The discussion in this paper is framed around a number of particular methodological issues that often arise in attempting to estimate age-at-death or presenting osteological evidence that may help confirm identifications. The first problem to be dealt with is that of how to model the progression of individuals through an ordered (staged) system such as the Suchey–Brooks pubic symphyseal stages. Konigsberg and Herrmann have used an unrestricted cumulative probit to model progression through the Suchey–Brooks stages, Boldsen et al. have used a continuation ratio approach, and Samworth and Gowland have suggested using a shifted exponential. All of these models add a level of complexity that seems unnecessary in the current context. The percentile method, which was applied graphically in Figs. 6–9 and summarized in Table 3 cannot be presented as compactly. Furthermore, the percentile method takes essentially a ‘‘hidden Bayesian’’ approach where the reference sample prior age distribution influences the calculated percentiles. Some of the transition analysis parameters provided in Table 4 indicate significant differences between samples for mean ages-at-transition. Because the percentile method does not allow for different prior age-at-death distributions, while maximum likelihood (i.e., non-Bayesian) estimation of age-at-death uses an unreasonable uniform prior, it is better to use explicit priors when estimating age-at-death.
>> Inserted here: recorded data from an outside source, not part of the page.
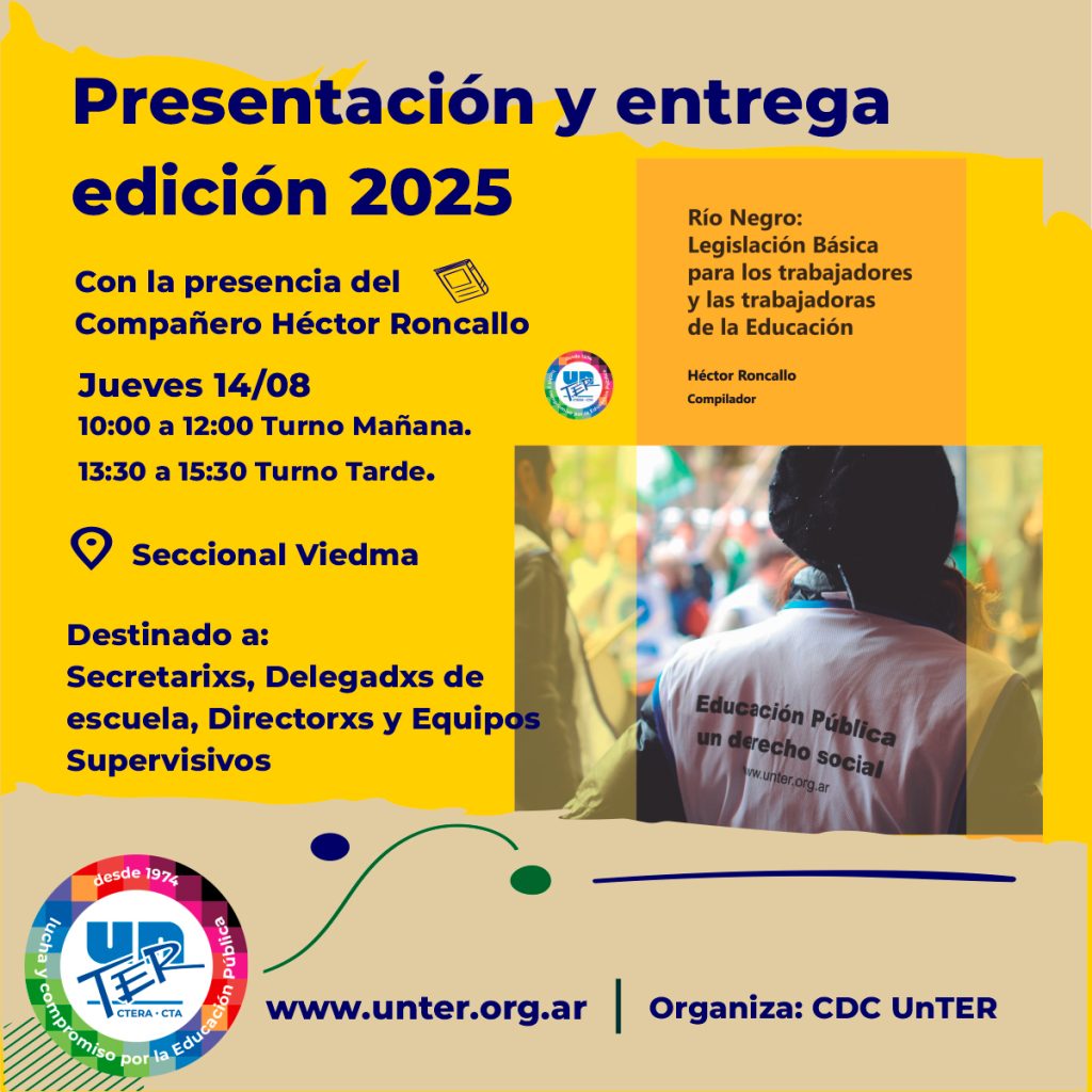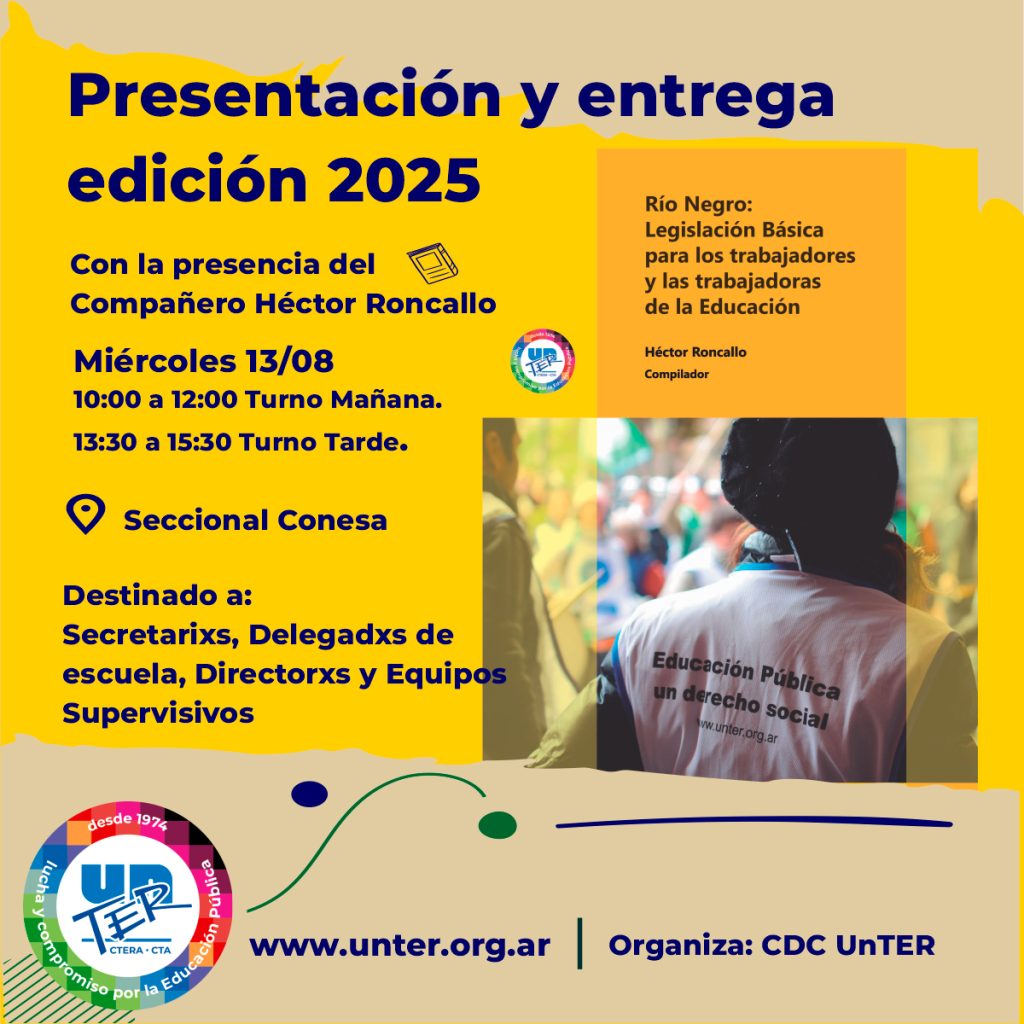Cada vez que se edita este libro se realiza una presentación y entrega en las dieciocho seccionales de UnTER, con una convocatoria abierta y en especial a secretarixs y delegadxs de escuela, directorxs y equipos supervisivos. El objetivo es que cada institución educativa cuente con esta herramienta de consulta permanente de lxs trabajadorxs de la educación.
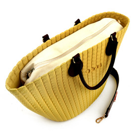 Borsa Obag gialla con manici e tracolla bordeaux, cm 27x54, (segni di usura)
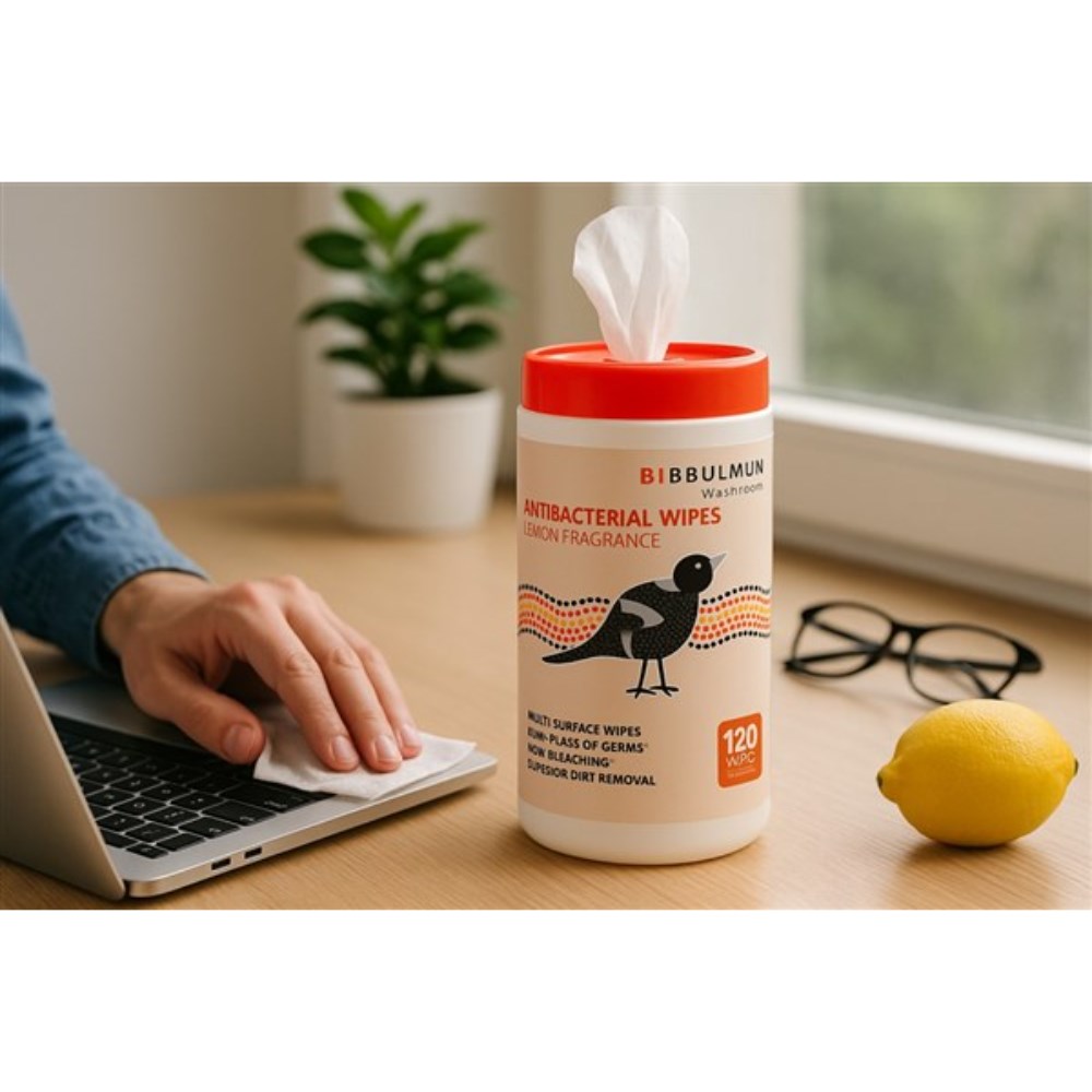 • Bibbulmun Washroom Antibacterial Wipes Lemon Tub Of 120 Wipes
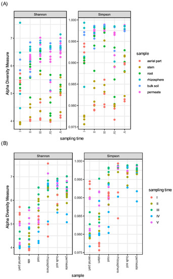 Shannon and Simpson diversity indices of the bacterial communities associated to P. australis, soil, and permeate samples collected in the CW during five samplings. (A) Samples are divided per sampling time. (B) Samples are divided per compartments.

Figures 13 and 14 show that a Gompertz model of mortality can be adequately fit to the sample of Balkan and Thai males, respectively, while Figs. 15 and 16 show that the 50% coverage from transition analysis is accurate in its coverage and placement. On the evidentiary value of the Suchey–Brooks stages, a rather different tack from those previously explored has been taken here. From the statistical literature on ordinal categorical data, it is common to see some summary measure of the fit of a model, usually referred to as a pseudo R2. The graphs shown in Figs. 17–20 show, as one would generally expect, that the evidentiary value of the Suchey–Brooks system is rather lower.